В словах Кошкарева — неуемная мальчишеская радость, а больше того — гордость.
Башенин какое-то время продолжал сидеть на земле, не вставая и не произнося ни звука, — в горле встал ком. А когда избавился от этого кома, то сказал совсем не то, что хотел сказать. Он сказал другое, копившееся исподволь и сейчас вдруг попросившееся наружу, и таким тоном, словно призывал этого появившегося точно из-под земли Кошкарева в свидетели, что он тут, видит бог, ни при чем, и в то же время при чем и нет ему прощения:
— А Глеба, брат Кошкарев, у нас больше нет. Нет Глеба, Кошкарев. Немцы… Почти на моих глазах. И все из-за меня.
И улыбаться Кошкарев перестал.
XIII
На аэродроме, между тем, назревало событие, которого никто не ожидал.
Пока же оно не произошло, здесь все шло своим чередом, как и должно было идти на фронтовом аэродроме, хотя этот аэродром и не стал для полка счастливым.
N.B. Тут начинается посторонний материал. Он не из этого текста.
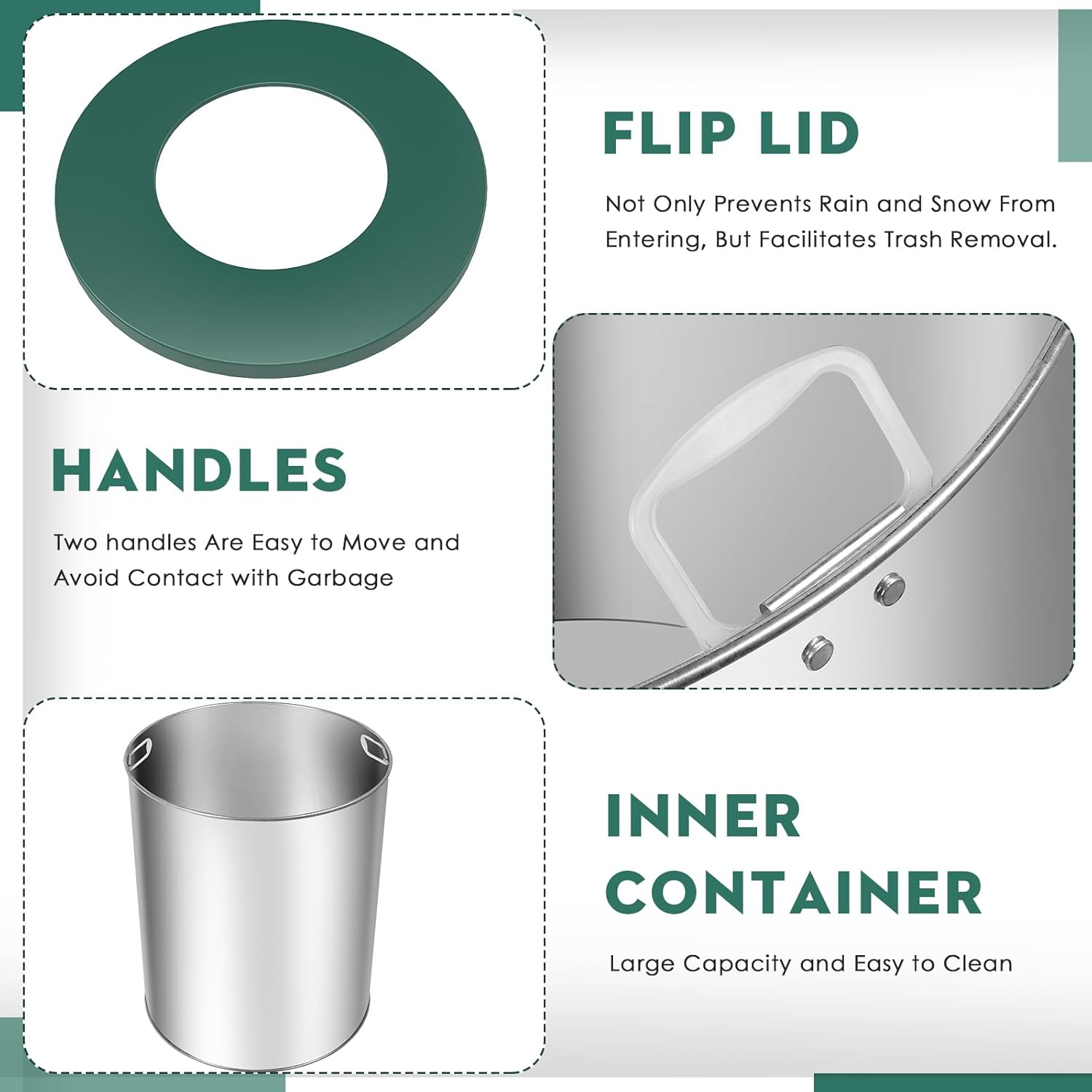 - OVERSIZED TRASH CANS: Open design allows you to dispose of them with ease. We have two sizes to choose from, M: out 30 gallons / in 8 gallons, L: out 52 gallons / in 17 gallons, is the first choice for home and business.

Утром, чуть свет, на стоянках один за другим взрывались моторы и в воздухе надолго повисал протяжный гул, который будил все окрест — это техники и мотористы готовили самолеты к вылетам. Потом, когда гул моторов шел на убыль, вступали в перекличку пулеметы. Голоса их тоже, несмотря на рань, звучали не сонно и хрипло, а зло и решительно. Затем на аэродроме наступала относительная тишина — это начиналось подвешивание бомб к самолетам. Тогда было слышно только натужное посапывание людей, несколько негромких, но самых крепких слов из коренного арсенала оружейников да скрип бомбовых лебедок — двухсотпятидесятикилограммовую фугаску вручную под крыло не подвесишь. Потом — снова рев моторов, снова короткие очереди пулеметов — и самолеты один за другим выруливали на старт и уходили в небо.